球団史上初の世界一に輝いたナショナルズは今季、宇宙飛行士式の睡眠法を導入してポストシーズンで最高のパフォーマンスを実現したという。
宇宙飛行士は飛行中、24時間の間に16回も日の出を見ることもあるため、遮光と睡眠時間の管理が非常に大事になる。それぞれの宇宙飛行士が、出発前から詳細な計画に基づいて睡眠を取り、飛行中も終始、その睡眠スケジュールを維持している。
最近は多くのMLB球団が専門家の指導を受けるなどして、選手の「睡眠質向上」に目を向け始めているが、ナショナルズも今季、春季キャンプから専門家の指導の下、各選手の睡眠計画を作成し、プラン通りの睡眠を奨励してきた。

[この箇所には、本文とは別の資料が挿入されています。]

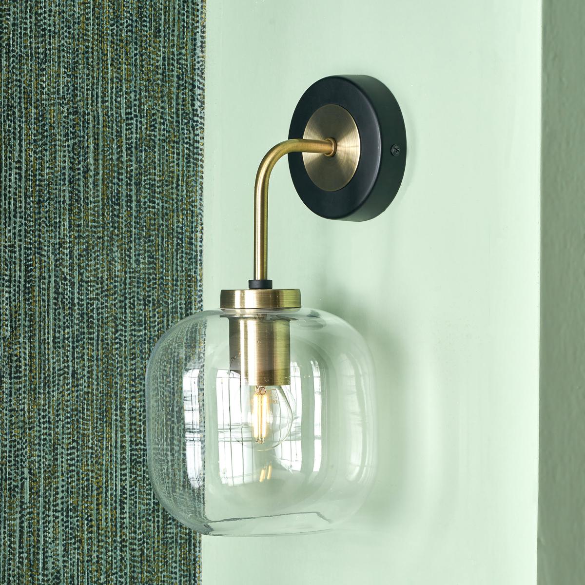 This black wall light is a versatile piece that works particularly well in contemporary and industrial interiors, thanks to its sleek design and bold colour. I love how the combination of matte black with a touch of brass adds a stylish edge without overpowering a space. It’s perfect over sideboards, in hallways, or to create a cosy reading nook. For practical styling, consider pairing it with complementary black or brass accents, and hang it at a height that provides functional lighting while highlighting its aesthetic. The transparent glass shade adds a touch of softness, making it a great statement piece that balances modern minimalism with a warm, inviting feel.
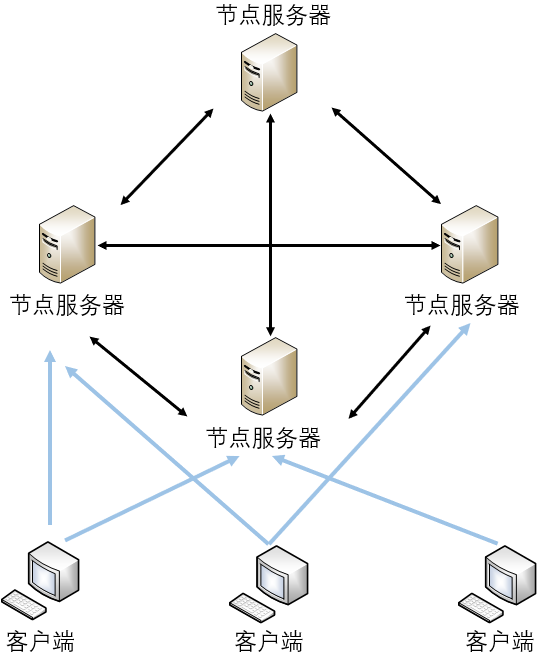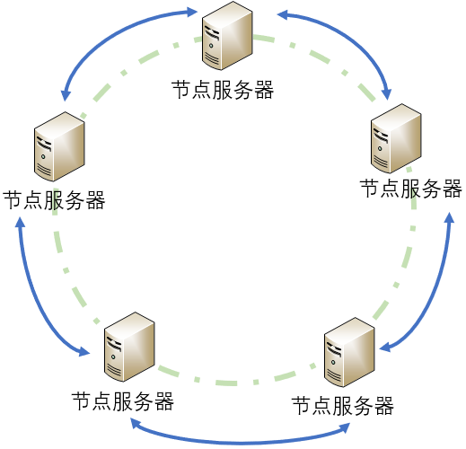 也就是说,在非集中式结构中,没有中央服务器和节点服务器之分,所有的服务器地位都是平等(对等)的,也就是我们常说的“众生平等”。这样一来,相比于集中式结构,非集中式结构就降低了某一个或者某一簇计算机集群的压力,在解决了单点瓶颈和单点故障问题的同时,还提升了系统的并发度,比较适合大规模集群的管理。
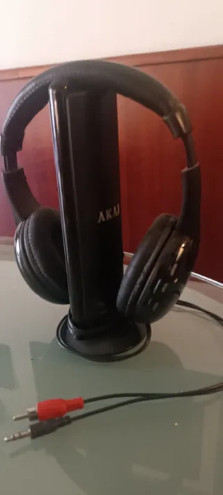 Cuffie Akai di colore nero, con cavo e connettori. - Design over-ear. - Cavo con connettore jack 3.5mm e connettori RCA rossi.
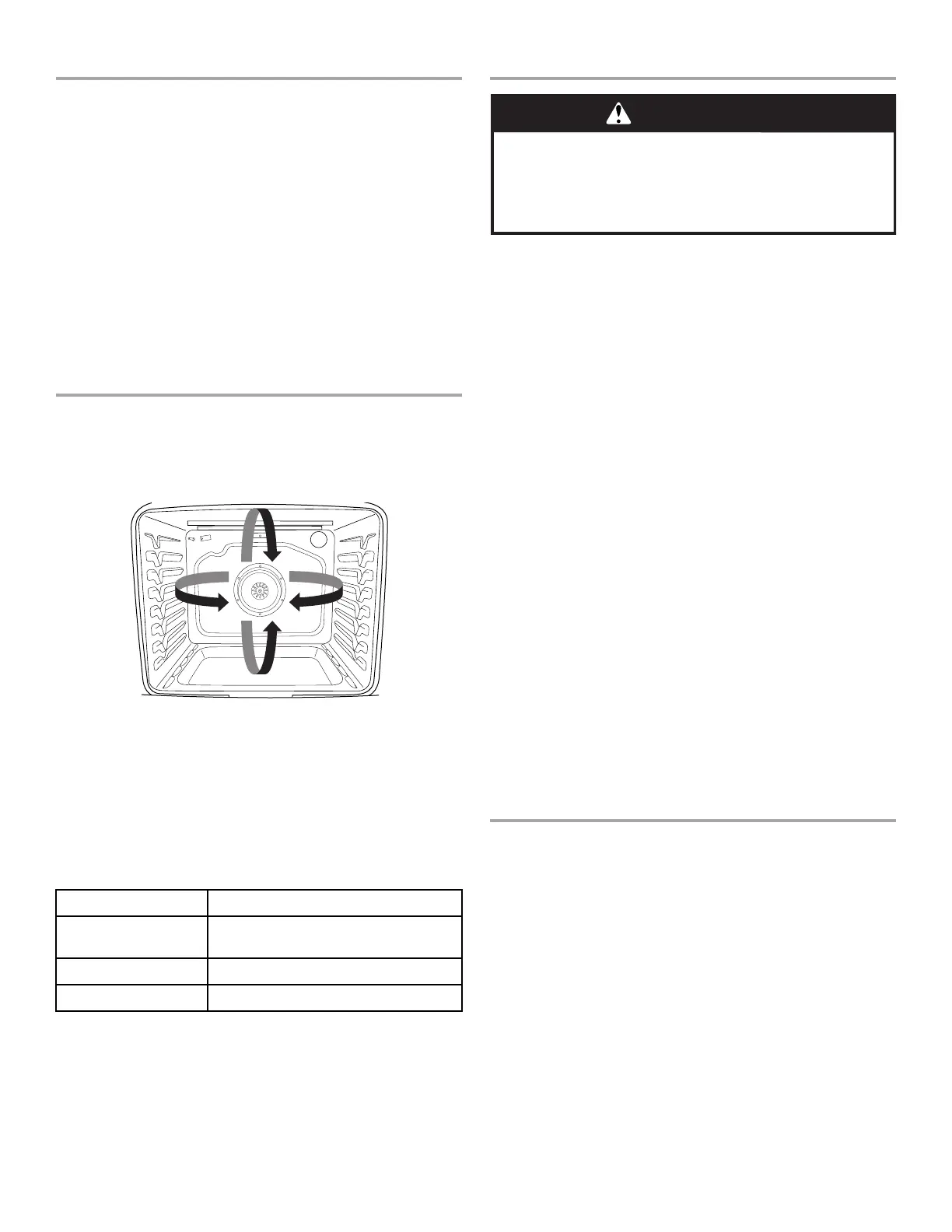 If the oven door is opened during convection cooking, the fan will
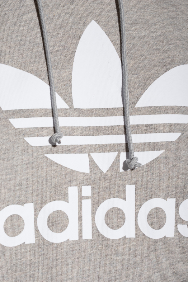 Grey sweatshirt with a drawcord-adjustable hood from ADIDAS Originals. Crafted from cotton jersey, this style showcases a white graphic print with the brand's logo, a kangaroo pocket and ribbed bottom hem and cuffs.
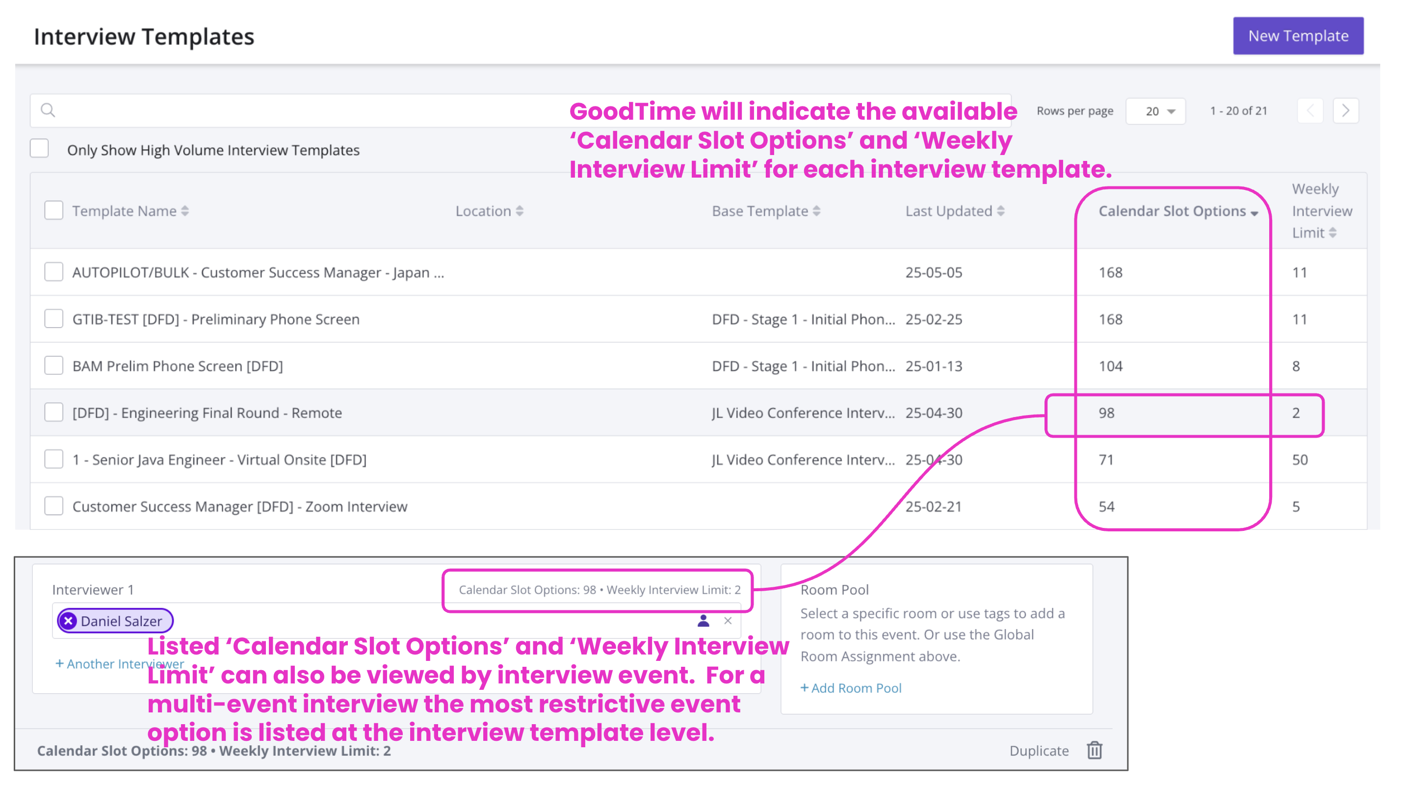 - At the template level we will list the most restricted interview event within each template as the overall template capacity.
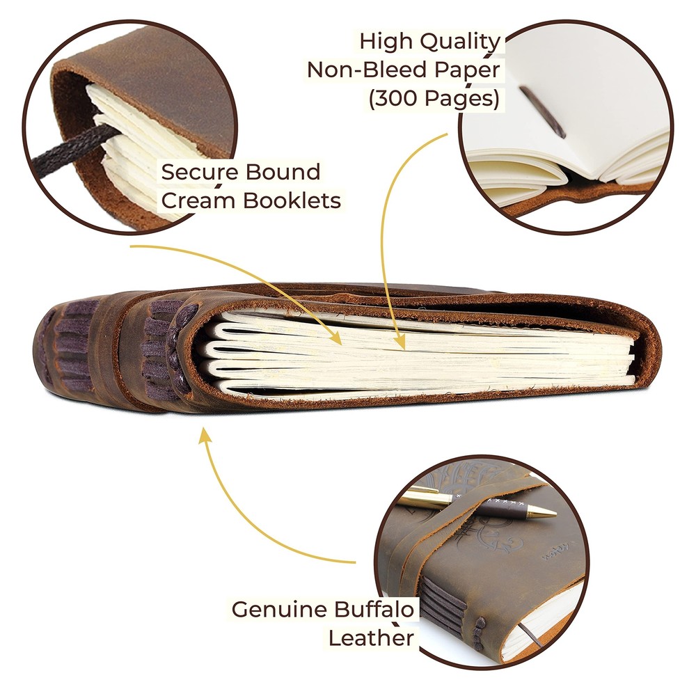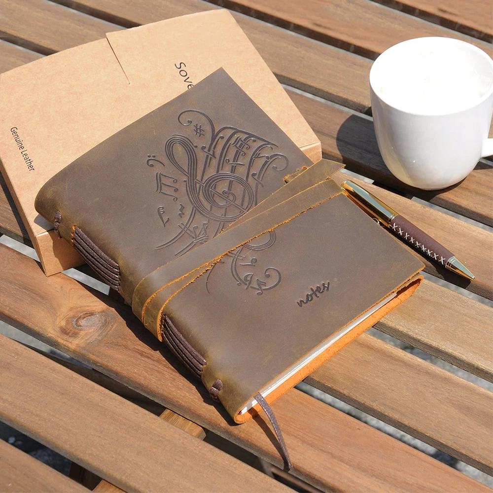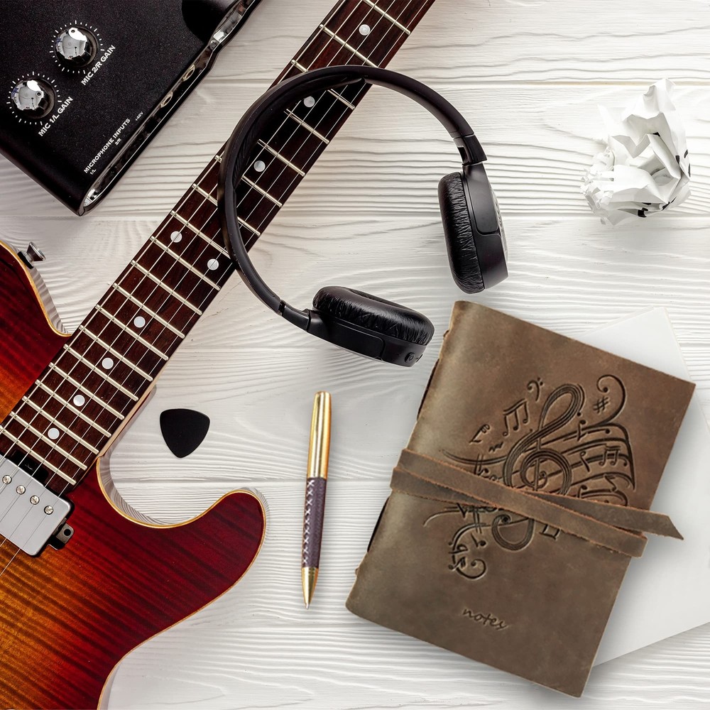 Leather Bound Journal for Men and Women, Handmade Gift Set with Music Notes Embossed Journal and Stylish Pen, Vintage and Classic, Notebook, Sketchbook, Planner and Diary (300 Pages) (8x6") ✓ Free 60 Day Returns ✓ Free Express Shipping Description: Features: UNIQUE GIFT SET: Handmade leather journal with beautiful Music Notes embossed front soft cover with matching bookmark, designer pen and hidden pen holder. Presented in an eco-friendly recycled box. A timeless gift for that special someone who loves to write. PREMIUM LEATHER: Crafted with delicate yet super tough buffalo leather, including a long strap that secures the journal firmly. Our genuine leather is thicker than competitors and offers lifetime durability with lasting softness. RUSTIC DESIGN: Achieves a unique and distressed look when scratched and features decorative stitching for added charm. Coated with special natural oils that make handling a joy. Plus, it has a wonderful authentic leather smell that inspires you to write daily. QUALITY CREAM PAPER: 300 premium unlined multipurpose sheets for notes, daily plans, sketches, inspiring ideas, memories and more. Zero bleed through with fountain pens. Not refillable. PERFECT SIZE: 8x6" made to suit a wide range of writing styles. A percentage of our profits go to Afrinspire - a not-for-profit organization that helps educate and provide local facilities to African communities. Product Details: Brand: Sovereign-Gear Color: Antique Brown Theme: Music Sheet Size: A5 Pages: 300 Cover Material: Leather Style: Music Ruling Type: Ruled Special Feature: technical drawing, sketching, doodling, to-do or shopping lists, puzzles, diagrams, plans, maps, notebooks for men rock and roll journal for men, tune opera jazz soul music melody writing notebook, dad grandad medieval man woman girl grandmother grandma, field notes, task list, memo book, art, goals, pop star, journaling, letters, planning, reminders, travel notes, creative writing composition, diary entries, men, women, seniors, unisex children, travel, journeys, holidays, indoor outdoor, business gifts, musician music lover record music upload music, writers, poets, journalists, journalers, scribes See more Product Dimensions: 8"L x 6"W x 0.15"Th Manufacturer: Sovereign-Gear Brand: Sovereign-Gear Item Weight: 1.45 pounds Product Dimensions: 8.46 x 6.69 x 1.97 inches Item model number: SG-Music-Journal-8x6UK Is Discontinued By Manufacturer: No Color: Antique Brown Cover Material: Leather Material Type: genuine leather, real leather and high quality thick paper Number of Items: 1 Size: 8 inches X 6 inches Ruling: Ruled Sheet Size: A5 Manufacturer Part Number: SG-Music-Journal-8x6 Date First Available: March 26, 2020
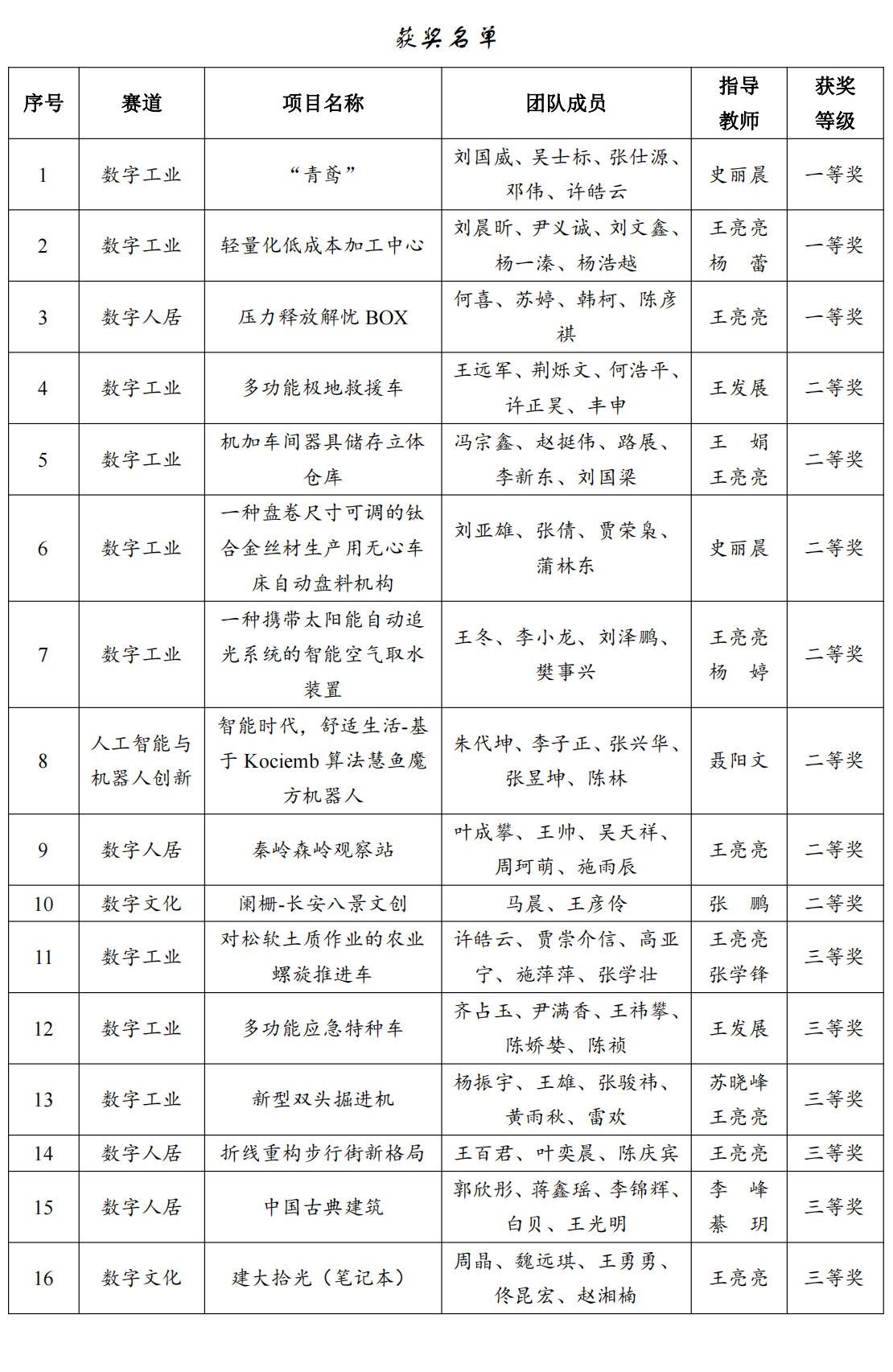 12月11日,第十四届全国三维数字化创新设计大赛(简称:全国3D大赛)年度总决赛颁奖盛典顺利闭幕,我校学子斩获国赛一等奖3项、二等奖7项、三等奖6项,我校荣获优秀组织奖,获奖数量位列陕西第一。
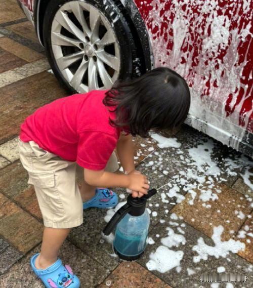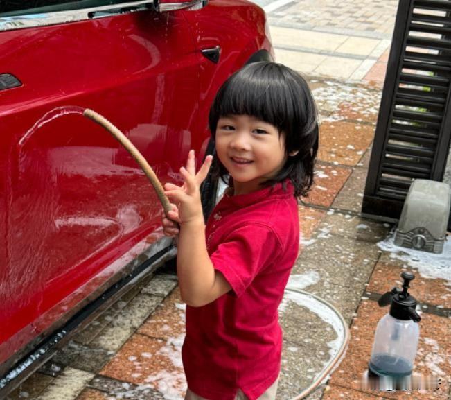 一转眼都长这么大了!蔡少芬分享儿子鱼蛋洗车照,小家伙好可爱,长得既像爸爸又像妈妈
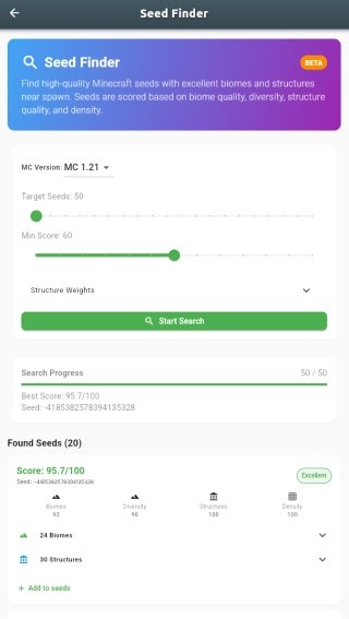 seedmap是一款实用且功能全面的我的世界游戏地图工具,你可以轻松查看游戏世界的详细地图,发现隐藏的地点和资源。可以在seedmap游戏工具中精准标记重要位置,规划最优探索路线,提升游戏效率。拥有丰富的地图图层和筛选功能,帮助你快速找到所需信息。在广阔的游戏世界中不再迷失方向,轻松掌握每一个角落。使用seedmap来高效利用地图资源,制定合理的游戏策略。让你能进行精彩的游戏探索任务,带来精彩欢乐的时光。
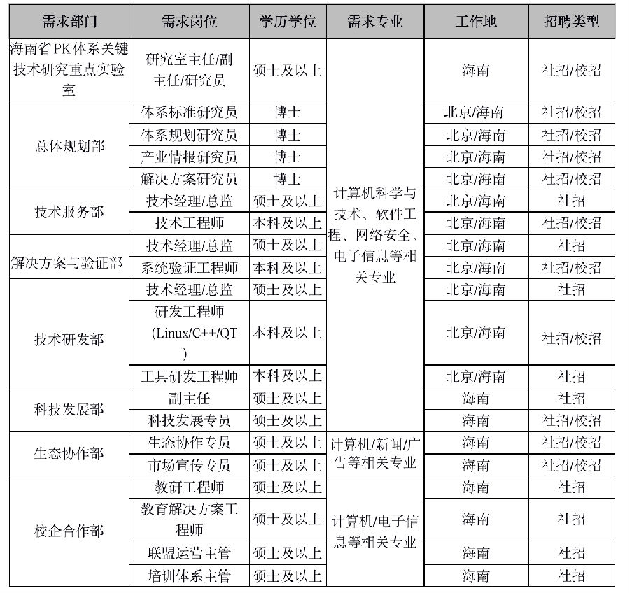 中电(海南)联合创新研究院有限公司(简称中电创新院)成立于2019年9月,位于海南自由贸易港生态软件园,是中国电子信息产业集团(简称中国电子)直属企业和中国电子网信产业技术创新的重要载体。2022年通过高新技术企业认定,并纳入国务院国资委科改示范企业,拥有海南省PK体系关键技术研究重点实验室,主要负责PKS体系技术研发及应用【PKS体系指基于自主的飞腾(Phytium)中央处理器(CPU)和麒麟(Kylin)操作系统(OS),具有双体系防护结构,具备内生内置安全能力的架构体系】,牵头PKS体系规划论证、组织开展PKS体系产业生态建设、解决PKS体系重大工程问题。通过开展与区块链、大数据、人工智能等前沿技术融合创新,实现PKS体系技术创新,引领网信产业升级。
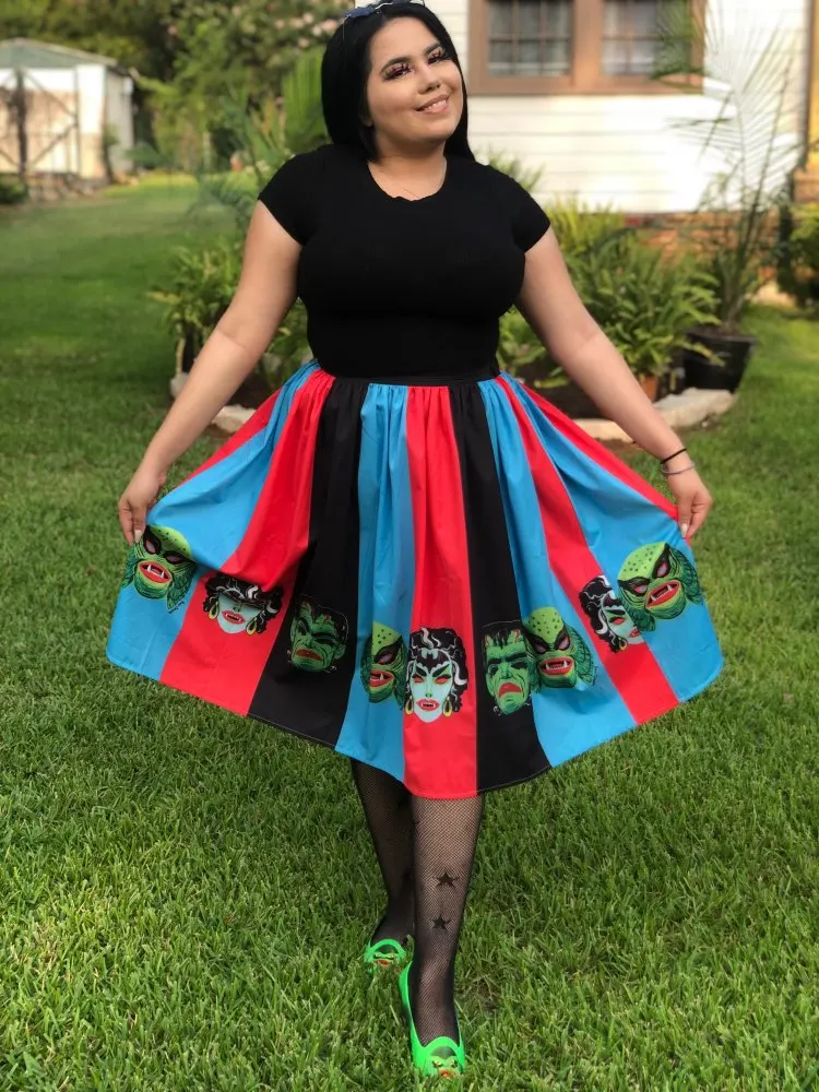 Women Vintage Halloween Skirt Retro Poker Face Skull Plus Size Skirt High Waist Pleated Ball Gown Long Skirts
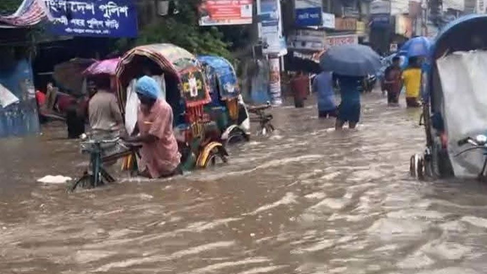 Feni town has gone underwater after continuous rain due to the construction of markets by occupying and filling canals and drains across the city. Residential areas and roads are submerged as a result.
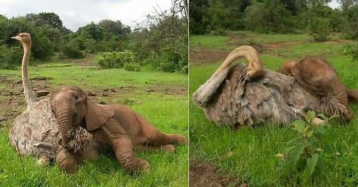 A solitária avestruz imediatamente se identificou com os elefantes e passou a andar com o rebanho, como se fosse uma deles.

レギュラーシーズン中は2週間ごとに選手個別に睡眠計画を組んで渡し、ポストシーズン中はそれを3~4日ごとに変更。デーゲームの試合後は、その日のうちに移動するのがメジャーでは通例だが、ポストシーズン中のナショナルズは十分な睡眠確保のためデーゲーム後の移動も余分に1泊し、翌日行うよう改めた。
シリーズを突破するごとにシャンパンフアイトの祝勝会が行われるため、寝不足に陥る日があるが、そんなときは事前に十分な睡眠を取るよう時間を管理。抑え左腕ドゥーリトルは、祝勝会で遅くまで飲んだ翌朝は午前11時まで寝て、いったん起きて散歩と軽い朝食を食べると、また夕方5時半まで寝るという独特な睡眠計画を実践していたそうだ。明かりが睡眠の妨げになるため、オレンジ色のサングラスを装着する睡眠法も採用していたと、米ヤフースポーツなどの記事に書かれていた。
そんな話を読んでいたときにタイミング良く、ドジャース前田健太投手(31)が睡眠の質を高めるための画期的な健康グッズの新製品発表会にゲスト参加するというので行ってきた。
フィリップス・ジャパンが開発した「スマートスリープ」というヘッドバンドだった。前田は選手ならではの睡眠の悩みを抱えており「夜7時から試合が始まり、帰宅するのが夜11時。そこから食事を取ったりするのでどうしても睡眠時間が削られることが多いので、日によって時間がばらばらで、睡眠の質もバラバラ。登板後はアドレナリンが出て眠れないです」という。
前田だけでなく、周りの選手もやはり悩みは同じらしく「アルコール取る選手も多いですし、試合後、興奮して眠れない選手もたくさんいると思う」とも明かした。これだけ選手が苦労しているとなると、各球団が選手の睡眠の質向上に必死になるのも納得。前田は「質の高い睡眠を取ることによってケガの防止につながり、現役生活が長くなることもあると思うので、そこはしっかり意識して取り組んでいきたい」と真剣だった。